Fern Lake Backcountry Campsite (9,530')

  • There is one group site and four individual sites located 5.1 miles and 5.3 miles from the Bear Lake Trailhead, respectively. Both are located in a mixed pine forest on the NE and NW sides of Fern Lake, respectively. Each has access to a bear box and privy. Water is available year-round from Fern Lake, its inlet and outlet streams.

Directions to Trailhead

Hallett Peak is accessed from the Bear Lake Trailhead in Rocky Mountain National Park. It's located 8.9 miles from the Beaver Meadows Entrance Station on Bear Lake Road.

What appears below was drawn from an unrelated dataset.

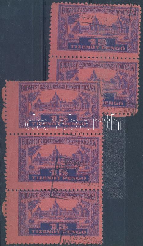 1945 Budapesti székesfőváros törvényhatósága 5x15P okmánybélyeg https://www.darabanth.com/de/236-Fernauktion/236.0/Andere-Sammelgebiete/Stempelmarken~400029/1945-Budapesti-szekesfovaros-torvenyhatosaga-5x15P-okmanybelyeg~II1085522

Turn left onto Bear Lake Road just past the Beaver Meadows entrance station. The Bear Lake Trailhead is located at the end of this road. Additional parking and alternative access can be found at the Glacier Gorge Trailhead. This will add an additional 1 mile roundtrip to the hike.

Contact Information

Rocky Mountain National Park
Visitor Information:

Backcountry Office:

Campground Reservations:

Emergency Dispatch:

Trip Reports

There are no trip reports on this trail.


"We hiked the Hallett Peak Trail on Sunday, 6/10. Trail was clear up to the Dream Lake overlook. Once past the overlook, there are numerous snow drifts. These were pretty solid early in the morning but melty/slushy by early afternoon. We got through using nothing but trekking poles with no problems. Once past the tree line, it is totally clear except for immediately past the Flattop Mountain hutch rack. There is about a 300 foot snow field, followed by another 150 feet or so of mixed ice and mud. We got through it with no problems, and once past that, it is clear and bone dry all the way to the Hallett Peak summit."
Chris Vig  -  Kansas City  -  Date Posted: June 11, 2018
"Awesome Hike... Have completed it twice myself...once at 12 years old and once as an adult with my husband and two children. Beautiful scenery & many photo ops! Layers, snacks and lots of water a must! "
Likes2Hike  -  Huron, Ohio  -  Date Posted: November 10, 2013
"Solid trail all the way to the top with nice overlook views of Dream Lake and Emerald Lake along the way. You also get great views of Longs Peak. It's awesome getting to see over both sides of the Divide...it looks like one could easily just walk over to Grand Lake and Shadow Mountain Lake. We saw a few marmots, a couple of rock ptarmigan and a number of pikas along the way. "
Thunderable  -  Denver, CO  -  Date Posted: August 18, 2013
"I've gone up this twice. Don't turn around once you hit flattop take the extra hour or so to go up the Peak! The scramble makes it seem daunting at first but it finishes pretty quick. Bring your hiking poles for the long grinding descent. Can be done in 5 hours at hard pace"
Hans olavson  -  Austin 78701  -  Date Posted: August 13, 2012
"WOW! This is a strenous trail that once above the timberline crosses several snowfields and can be hard to stay on the path. It is not too hard to relocate the path once on top of flattop. The last few hundred yards can be a struggle, but the views...WOW!"